Weakly supervised covariance matrices alignment through Stiefel matrices estimation for MEG applications
Antoine Collas, Rémi Flamary, Alexandre Gramfort
TL;DR
This work addresses domain shift in multivariate time series with limited labeled data by modeling signals as linear mixtures with domain-specific mixing matrices. It introduces Mixing model Stiefel Adaptation (MSA), a semi-supervised approach that jointly learns two Stiefel matrices ${\bm{U}}^{\mathcal{S}}, {\bm{U}}^{\mathcal{T}} \in \mathrm{St}(d,q)$ and a predictor, under an optimal transport domain adaptation (OTDA) assumption that pairs source and target variances.
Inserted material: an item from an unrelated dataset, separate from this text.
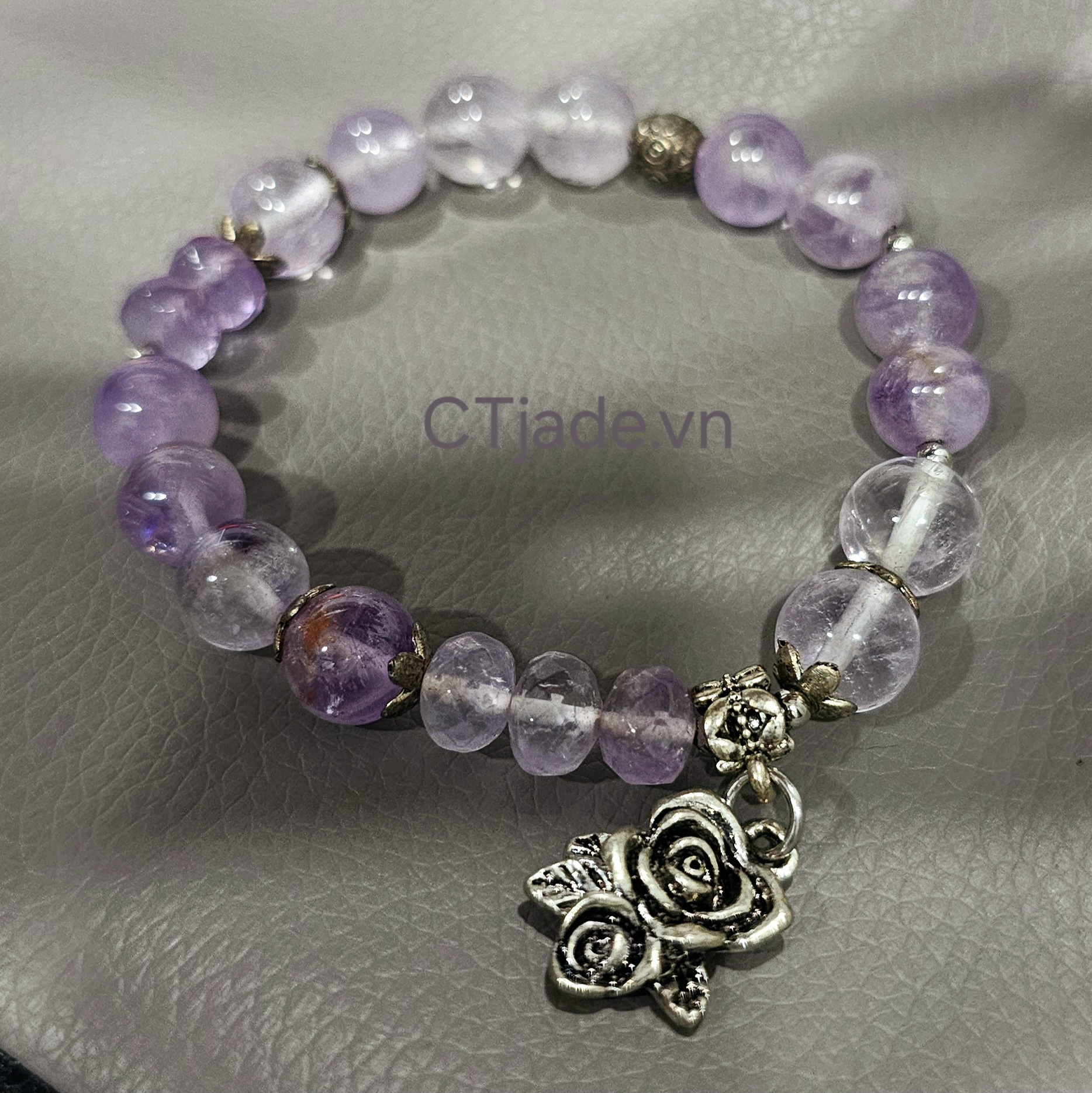 - Màu tím có tông từ nhạt đến hơi đậm chủ yếu chiếc vòng này chọn những viên đá trong, sắc tươi sáng trẻ trung!
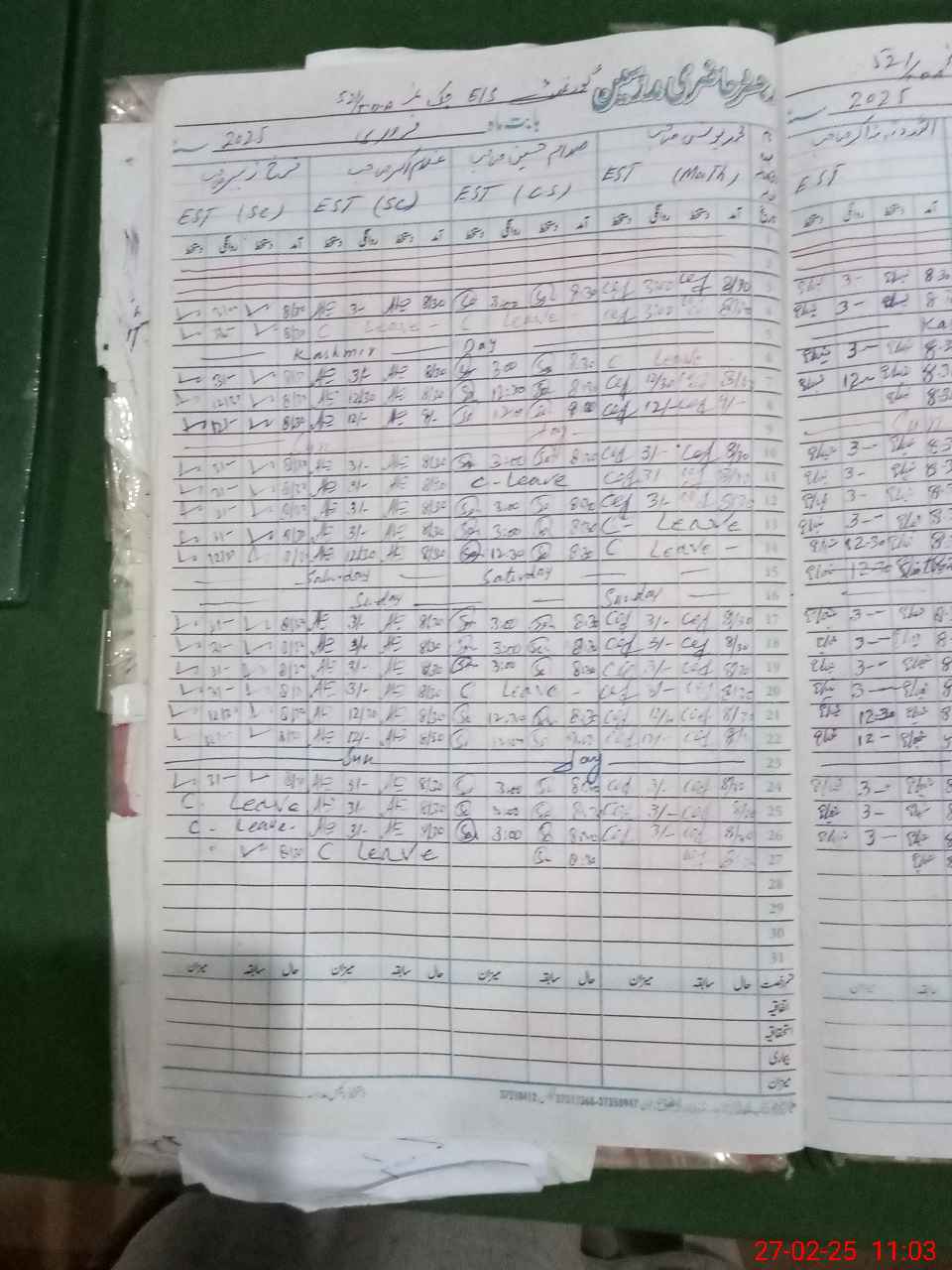 | Leave | Duty | Absent | Maternity | Medical | Ex- Pak |

By mapping covariance matrices into a Riemannian tangent space on the SPD manifold ${\mathbb{S}_p^{++}}$ and applying log-linear regression/classification on the latent variances, MSA aligns source-target representations while controlling subspace distance via a Grassmann-regularized loss. The method is optimized on the product manifold ${\left({\textup{St}(d,q)}\right)}^2$ with an alternating scheme that updates ${\bm{U}}^{\mathcal{S}}, {\bm{U}}^{\mathcal{T}}, \bm{\beta}, \bm{\pi}$, and demonstrates superior brain-age regression performance on the Cam-CAN MEG dataset under task variations. The results highlight MSA’s robustness to hyperparameters and the importance of jointly leveraging OT alignment, metric learning, and Grassmann regularization for effective covariance-based domain adaptation in neuroscience time-series analysis.
Abstract
This paper introduces a novel domain adaptation technique for time series data, called Mixing model Stiefel Adaptation (MSA), specifically addressing the challenge of limited labeled signals in the target dataset. Leveraging a domain-dependent mixing model and the optimal transport domain adaptation assumption, we exploit abundant unlabeled data in the target domain to ensure effective prediction by establishing pairwise correspondence with equivalent signal variances between domains. Theoretical foundations are laid for identifying crucial Stiefel matrices, essential for recovering underlying signal variances from a Riemannian representation of observed signal covariances. We propose an integrated cost function that simultaneously learns these matrices, pairwise domain relationships, and a predictor, classifier, or regressor, depending on the task. Applied to neuroscience problems, MSA outperforms recent methods in brain-age regression with task variations using magnetoencephalography (MEG) signals from the Cam-CAN dataset.